An unexpected game of "Musical Laptops"

Mon 24 June 2024 by R.L. Dane

I purchased this laptop I'm writing on now about a month ago. It's a Thinkpad X260 from 2016. I looked it up online, and it was actually shipped the very day (or the day before/after) I graduated college. That's a fun little coincidence to make me feel the passage of time more keenly ;)

The purpose of this cheap laptop (ok, it's almost scandalous how cheap an 8-year old laptop is, and truly scandalous how incredibly useful an 8-year-old laptop can be when not weighed down with garbage software) was for operating system experimentation.

Starting a couple years back, I had spent some time experimenting with OpenBSD and FreeBSD, and I greatly enjoyed both systems. I loved learning how they worked (and how different they were from Linux), and adapting my own small collection of scripts and utilities to work in other operating systems than Linux.

While I had a lot of fun with those two major BSDs (a couple years back), I was sad that I couldn't spend much time experimenting with NetBSD, because I couldn't get S3 suspend (i.e. "going to sleep") working on my laptop, even though it was a very old Thinkpad X200. So, after happily kicking the tires just a bit, I had to remove NetBSD and go on to the next thing.
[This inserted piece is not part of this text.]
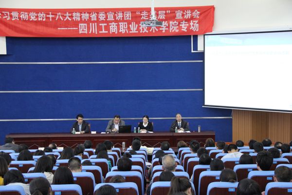 4月23日下午2:30至4:30,省委学习贯彻党十八大精神宣讲团第四组成员来到公司,为我院330余名师生作了一场精彩的十八大辅导报告。宣讲会在学术厅进行,由公司党委副书记黄天贵主持。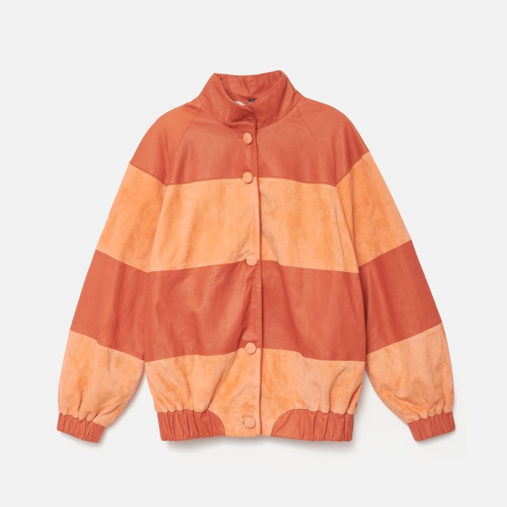 La bomber confeccionada en piel de Himba no puede ser más llamativa. Este modelo de aires retro combina distintos tonos de naranja en forma de rayas XL. A eso le suma los botones forrados en piel, puño y bajo con detalle de piel fruncida. Precio: 359,95 euros.

A little over a month ago, I started feeling the itch to experiment some more, so I asked the "Fediverse" what laptops work well with NetBSD. To my surprise, the official NetBSD account commented on my "toot," and said that the X260 was working great out-of-the-box.

So, it being a Friday, me being a bit bored, and the laptops being dirt CHEAP, I jumped on ebay and ordered one. When it came in... whoo boy, it was filthy (for a laptop, anyway). But after some careful work with a sanitizing cloth, it looked almost as good as new, save some relatively minor cosmetic scratches on the lid.

So, I installed NetBSD and started going through the official NetBSD guide. One thing I wanted to get going was disk encryption: there wasn't an option to encrypt the entire disk, nor was there any automatic encryption option even of just one partition that I could find in the menu, so I just set it up with the defaults, and started experimenting with writing various little scripts and learning how the system worked, without copying any of my personal data onto the disk.

While I greatly enjoyed the process of learning a new Unix-based operating system, e.g.,

  • How do I trigger suspend?
  • How do I find the battery status?
  • How are disks represented and set up?
  • How do I manage Human Interface Devices, and how can I turn off that terrible trackpad?

...I never quite made a dent in reading the official guide. I just never quite could muster up the concentration, as it's decently technical, and I haven't worked in a technical field in many years.

However, I was happy to have it as a side project, and even though I wasn't doing any serious work on that laptop, it was no loss, as it was cheap enough to just be a "toss-around" machine (not literally).

That all changed a week ago, when I unfortunately noticed the hinge of my Pinebook Pro (my daily driver of three years) bending in a very unnatural way while I was attempting to close it to pack it up in my bag.

After gingerly closing it, taking it home, and taking it apart, I realized that the two screws that held the aluminum bottom plate fast to the aluminum hinge pieces had "eaten through" the bottom plate, such that they were no longer holding onto the bottom plate at all. "Eaten through" not in a caustic sense, but rather in the sense of slowly expanding the non-reinforced holes in the aluminum sheet until the holes were bigger than the screw heads.

I attempted to remedy this by hammering the raised-and-enlarged screw holes in the bottom plate with the rubberized handle of a pair of pliers (or some similar tool). In addition to the screw hole, the small square plastic pieces that go between the hinge piece and aluminum bottom plate had been squeezed so hard as to be partially broken, and would no longer provide the screw with something to grip onto (that is, for the head of the screw and the bottom plate to press against, not the threads).

I attempted to 3d print some replacements that a kind stranger on the internet designed, but in the process of trying out one of the pieces, I managed to drop one of the case screws to the Pinebook onto the floor, never to be seen again (they are TINY, maybe 1.5 mm shaft diameter).

Wellllll, that's going to be about it for now. I'll order some more case screws, but it's probably going to be a month's shipping, and even then, the bottom case itself is no longer in stock, and they don't provide a replacement for the teensy square plastic pieces, which my not-very-well-tweaked-and-calibrated 3D printer didn't do a wonderful job of reproducing.

So, for want of a daily driver, I had to enlist the X260. So, I tarred up the scripts and config files I had created under NetBSD, saved it on my Raspberry Pi server, and installed Debian and got it set up last night.